HESI RN
HESI Medical Surgical Practice Quiz
1. The charge nurse of the medical-surgical unit is making staff assignments. Which staff member should be assigned to a client with chronic kidney disease who is exhibiting a low-grade fever and a pericardial friction rub?
- A. Registered nurse who just floated from the surgical unit
- B. Registered nurse who just floated from the dialysis unit
- C. Registered nurse who was assigned the same client yesterday
- D. Licensed practical nurse with 5 years of experience on this floor
Correct answer: C
Rationale: The client is exhibiting symptoms of pericarditis, which can occur with chronic kidney disease. Continuity of care is crucial to assess subtle changes in clients' conditions. Therefore, the registered nurse (RN) who previously cared for this client should be assigned again. Float nurses may lack knowledge of the unit and its clients, potentially leading to oversight of critical details. The licensed practical nurse, while experienced, may not possess the advanced assessment skills and education level of an RN to effectively evaluate and manage pericarditis in this client.
2. A client with cirrhosis develops increasing pedal edema and ascites. What dietary modification is most important for the nurse to teach this client?
- A. Avoid high carbohydrate foods.
- B. Decrease intake of fat-soluble vitamins.
- C. Decrease caloric intake.
- D. Restrict salt and fluid intake.
Correct answer: D
Rationale: The correct answer is to restrict salt and fluid intake. In clients with cirrhosis presenting with pedal edema and ascites, excessive fluid retention occurs, necessitating the restriction of salt and fluid to alleviate these symptoms. Choice A, avoiding high carbohydrate foods, is not the priority in this situation. Decreasing intake of fat-soluble vitamins (Choice B) is not specifically indicated for managing edema and ascites in cirrhosis. While maintaining an appropriate caloric intake is important, decreasing caloric intake (Choice C) is not the primary focus when addressing fluid retention in cirrhosis.
3. A client has just returned to the nursing unit after computerized tomography (CT) with contrast medium. Which of the following actions should the nurse plan to take as part of routine after-care for this client?
- A. Administering a laxative
- B. Encouraging fluid intake
- C. Maintaining the client on strict bed rest
- D. Holding all medications for at least 2 hours
Correct answer: B
Rationale: After CT scanning with contrast medium, the client does not require special restrictions or interventions. Encouraging fluid intake is important to help flush out the contrast dye and prevent dehydration. Administering a laxative (Choice A) is unnecessary and not indicated after CT with contrast. Maintaining the client on strict bed rest (Choice C) is not necessary unless specified by the healthcare provider. Holding all medications for at least 2 hours (Choice D) is not a standard practice after CT with contrast.

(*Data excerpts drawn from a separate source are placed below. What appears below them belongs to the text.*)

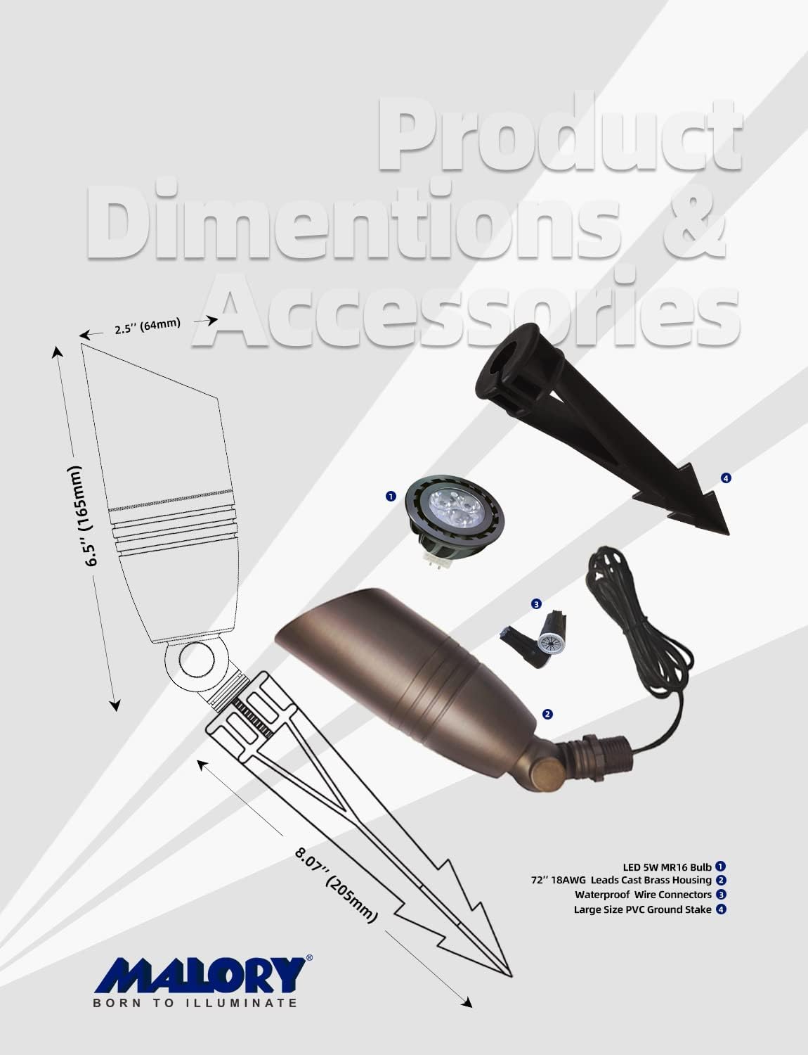 • BRASS LIGHT FIXTURE:MALORY landscape spotlight is constructed of die-cast brass for durability and beauty.Brass spot light doesn't corrode,more durable and reliable than aluminum and plastic fixtures,ideal for any uplighting application.Simple design structure for the light fixture make it looks beautiful yet unobtrusive in any landscape,suitable for decorating most houses and yards.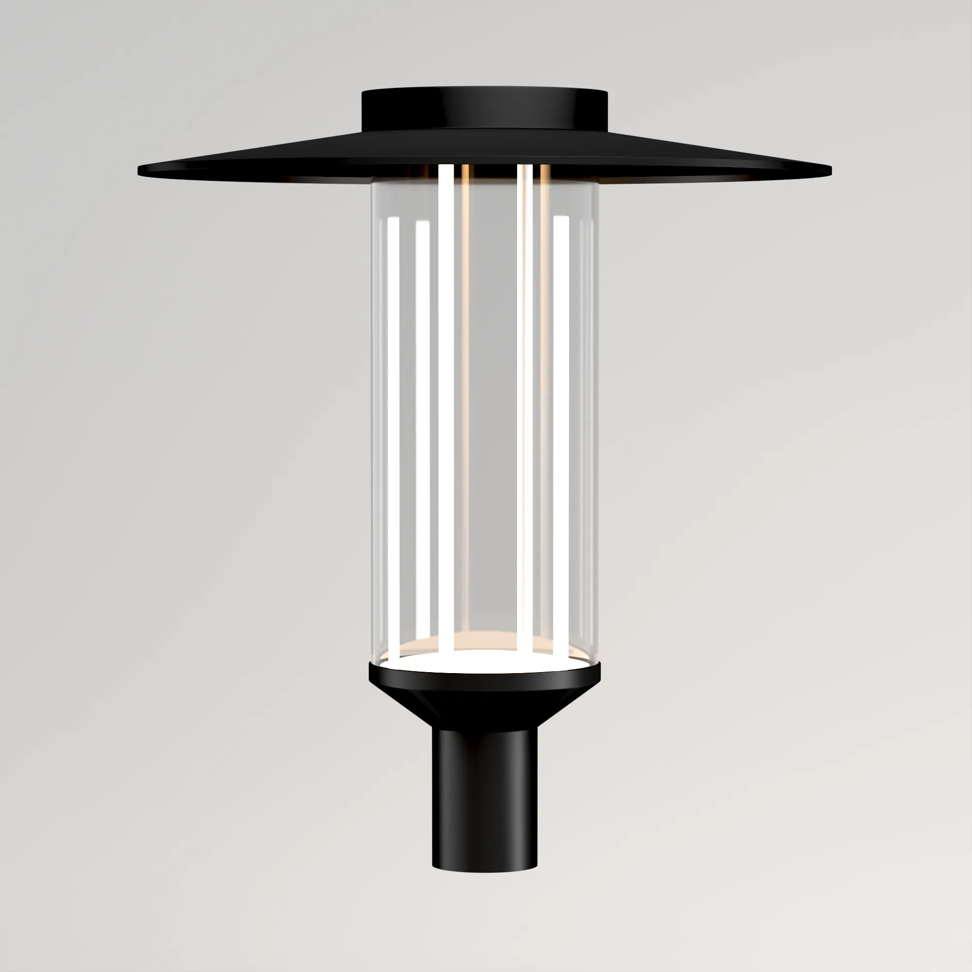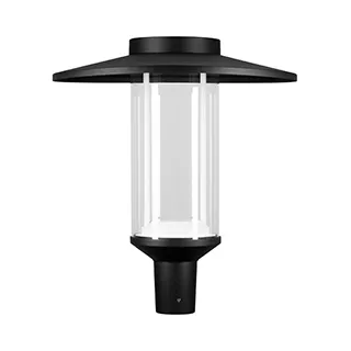 Венчающий светодиодный светильник. Мощность 50 Вт, св. поток 5700 лм, 115 лм/Вт, тёплый 3000 K, CRI>80, угол 130°, напряжение питания 230 В. Черный корпус из алюминия, экран закаленное стекло, степень защиты IP65. Размер: диаметр 550 мм, высота 640 мм. Монтаж на вертикальную опору диаметром 76 мм.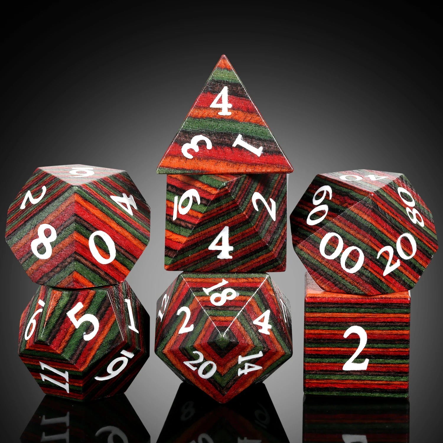Wood Dice Set | Red Green Streak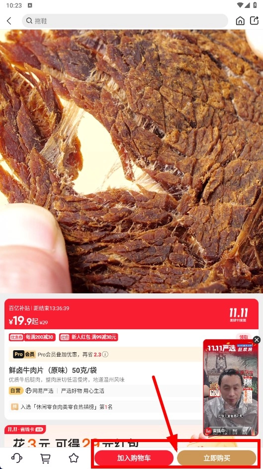 进入肉类零食页面后,挑选自己感兴趣的商品,比如【鲜卤牛肉片-商品】。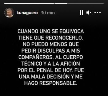 Luego del partido, Sergio Agüero se expresó en Instagram y pidió disculpas por lo ocurrido. "Cuando uno se equivoca tiene que reconocerlo. No puedo menos que pedir disculpas a mis compañeros, al cuerpo técnico y a la afición por el penal de hoy. Fue una mala decisión y me hago responsable", escribió el Kun.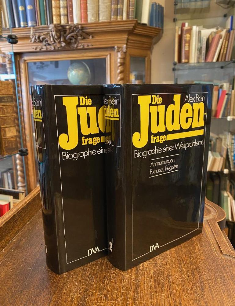 Bein, Alex: Die Judenfrage : Biographie eines Weltproblems [in zwei Bänden]. 2 Bände in 2 (so komplett), Stuttgart, DVA Deutsche Verlags-Anstalt, 1980. 8° (22x15), XVI, 464; VII, 429 (Anmerkungen, Exkurse, Register) S., OPbde mit OU, ohne Gebrauchsspuren, offensichtlich ungelesen,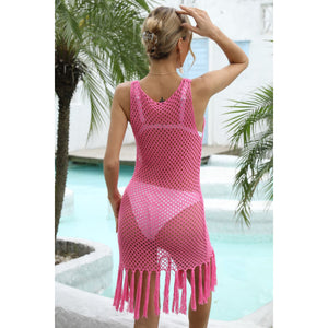 Fringe Hem Openwork Sleeveless Cover-Up Dress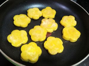 平底锅烧热刷一层油,放入花朵南瓜饼,中小火煎,直至南瓜饼可以晃动翻面。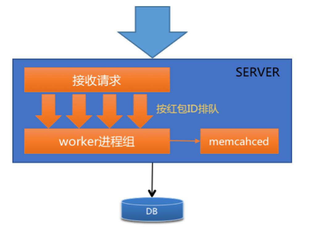 将 stick 到同一台 Server 上的所有请求在被接收进程接收后,按红包 ID 进行排队。然后串行地进入 worker 进程(执行业务逻辑)进行处理,从而达到排队的效果,如下图所示。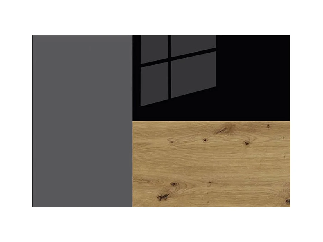 WINKELKÜCHE Florence lava matt / RAL 9005 tiefschwarz Hochglanz (K7); eiche artisan; schwarz matt; Arbeitsplatte eiche artisan 19-teilig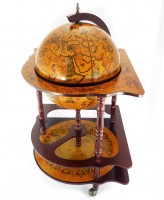 Бар-глобус напольный угловой. Мини-бар оснащен колесиками на стойках, что позволяет свободно перемещать его при необходимости. Благодаря тому, что столик бара имеет угловую форму, он не занимает большое пространство, а, следовательно, может быть использован в небольших помещениях. Стильный и функциональный способ хранения бутылок со спиртным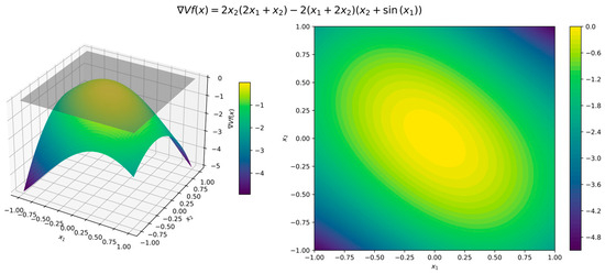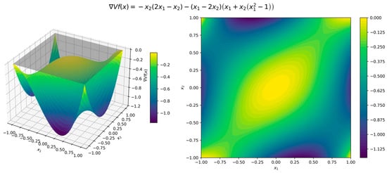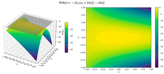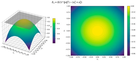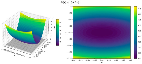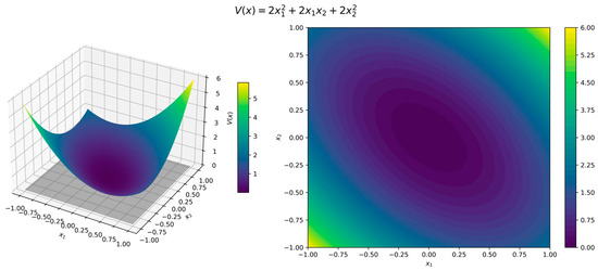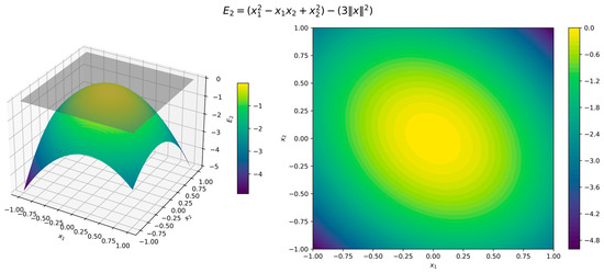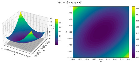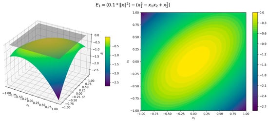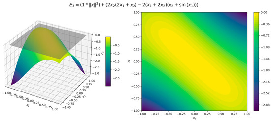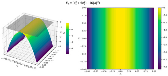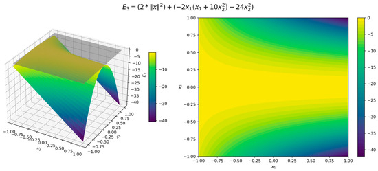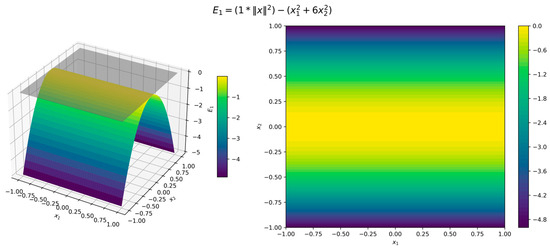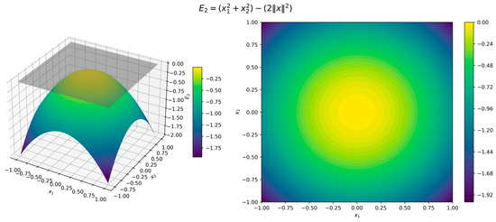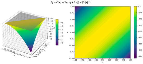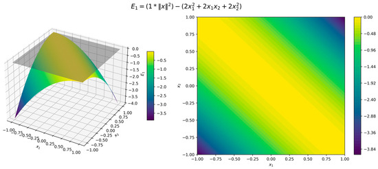 Figure 13 shows the surface and contour plots of function (17), visually confirming its properties. Figure 14 shows that the orbital derivative is negative over the considered domain. Figure 15, Figure 16 and Figure 17 display the surface and contour plots of the error functions , and , providing additional insight into the effectiveness of (17) in capturing the stability characteristics of the polynomial system (16).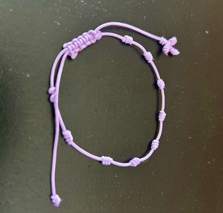 Pulseras hechas a mano en hilo, representando el Rosario en pulsera. Son ajustables y hay en varios colores.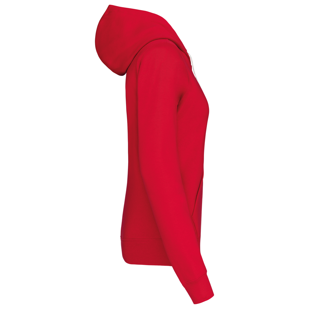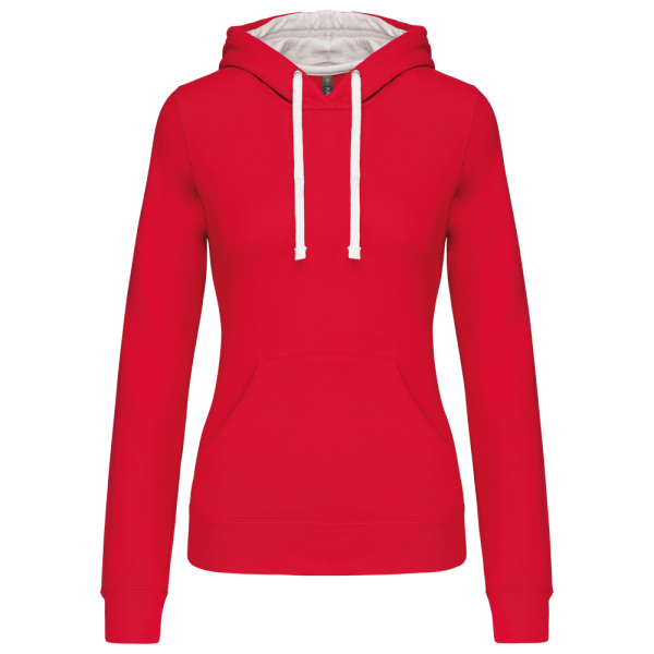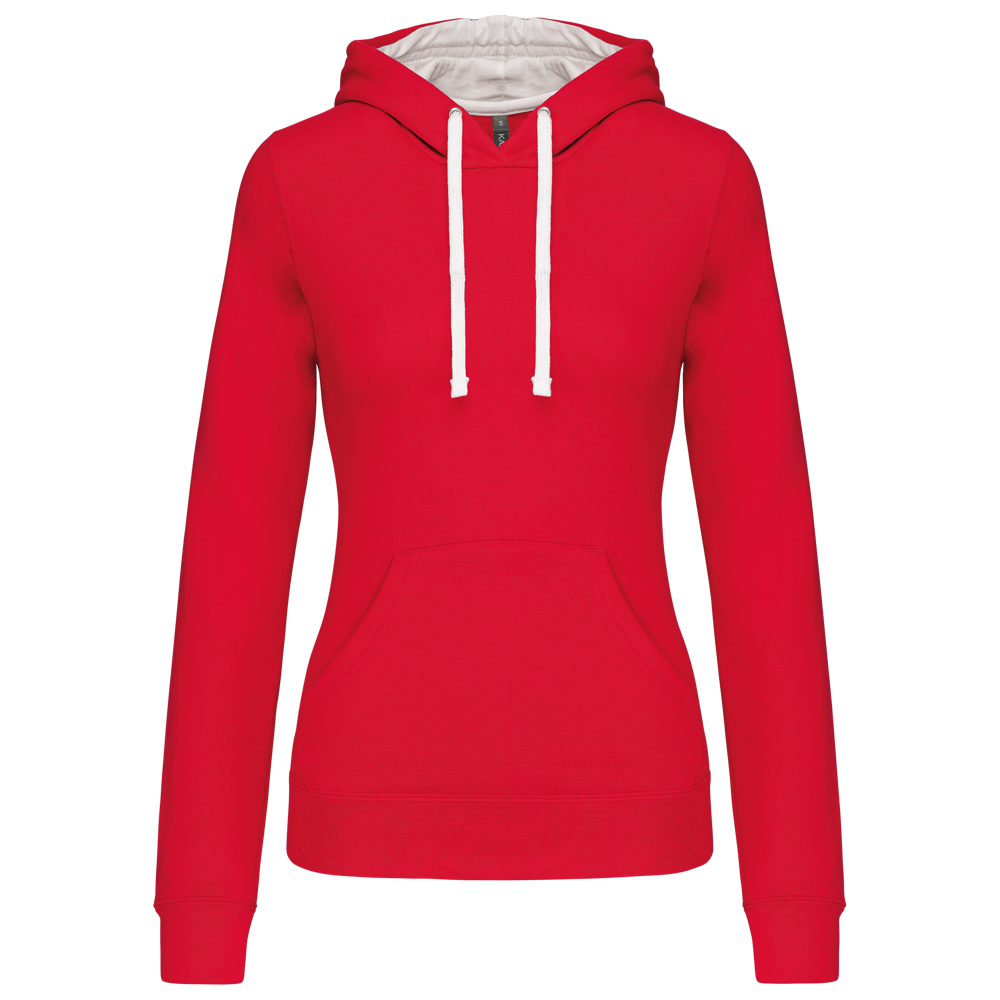 80% katoen / 20% polyester. Gekamd katoen. Geborsteld fleece aan de binnenkant. Gaatje voor draadje in de kangoeroezak en lusje aan de kraag voor oortjes. Ribboord aan mouwuiteinden en onderkant kledingstuk. Gevoerde capuchon in contrasterende kleur met aanrijgkoordjes.
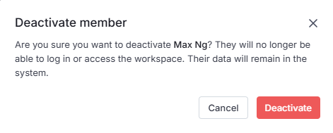 Admins can deactivate a member to remove their access to the tenant without deleting their account.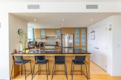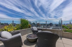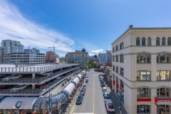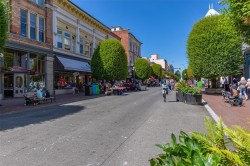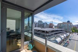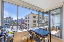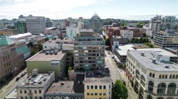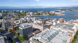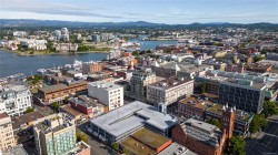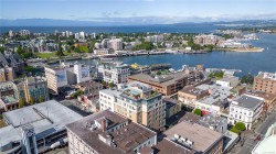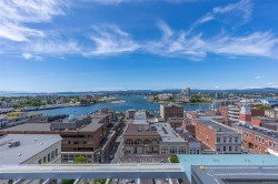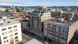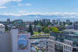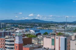 City, mountain, and harbour views await from this stunning 2-bed, 2-bath condo at The Sovereign in the heart of downtown Victoria. With nearly 1,000 sq ft, this home offers luxury, functionality and an unbeatable location, just steps from the Inner Harbour, shops, restaurants, and cultural landmarks. The bright, open layout features a balcony, office nook, and a gourmet kitchen with stainless steel appliances, gas range, stone counters, and a peninsula for four. The primary suite has a walk-in closet and a 4-piece ensuite with heated floors and a soaker tub. A second full bath includes a large walk-in shower. Enjoy comfort year-round with air conditioning and perimeter hot water radiant heat. Residents enjoy premium amenities, including a guest suite and a 12th-floor rooftop terrace with heaters, a gas BBQ, fireplace, and panoramic harbour views. Includes secure underground parking, storage locker, and bike storage. Heat, A/C, hot water, and gas are all included. Pets welcome!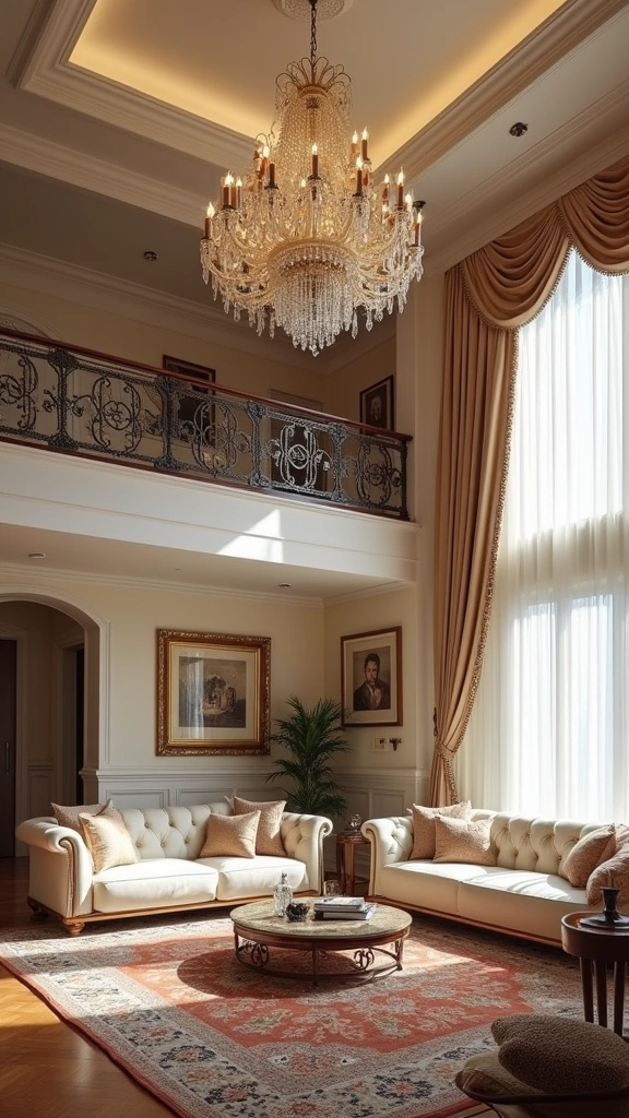 Soft rugs, plush sofas, and elegant drapery add depth and warmth, making the space feel welcoming and opulent.

4. After an endotracheal tube is placed in a client who experienced sudden onset of respiratory distress, what should the nurse do?
- A. Secure the tube in place with tape
- B. Order a chest x-ray for the client
- C. Document the depth of tube insertion
- D. Auscultate both lungs for breath sounds
Correct answer: D
Rationale: After endotracheal tube insertion, the nurse should auscultate both lungs for the presence of breath sounds. This step helps confirm proper tube placement and adequate ventilation. Auscultation of breath sounds is crucial to ensure that the tube is correctly positioned in the trachea and not in the esophagus. While securing the tube with tape is important, it is not the immediate priority after insertion. Ordering a chest x-ray may be necessary but is not the first action to take immediately post-intubation. Documenting the depth of tube insertion is important but ensuring proper ventilation through auscultation takes precedence.
5. The client with chronic renal failure is being taught about fluid restrictions by the nurse. Which statement by the client indicates a need for further teaching?
- A. I can drink as much water as I want, as long as I limit my salt intake.
- B. I should limit my fluid intake to prevent fluid overload.
- C. I can skip dialysis sessions if I feel tired.
- D. I can eat whatever I want, as long as I take my medications.
Correct answer: C
Rationale: Choice C is the correct answer because clients with chronic renal failure should not skip dialysis sessions. Skipping dialysis can lead to serious complications and worsen the client's condition. It is crucial for clients to understand the importance of adhering to their dialysis schedule for optimal management of chronic renal failure. Choices A, B, and D are incorrect because they demonstrate understanding of fluid restrictions, the need to limit fluid intake to prevent overload, and the importance of medication compliance, respectively. These statements show appropriate knowledge and do not indicate a need for further teaching.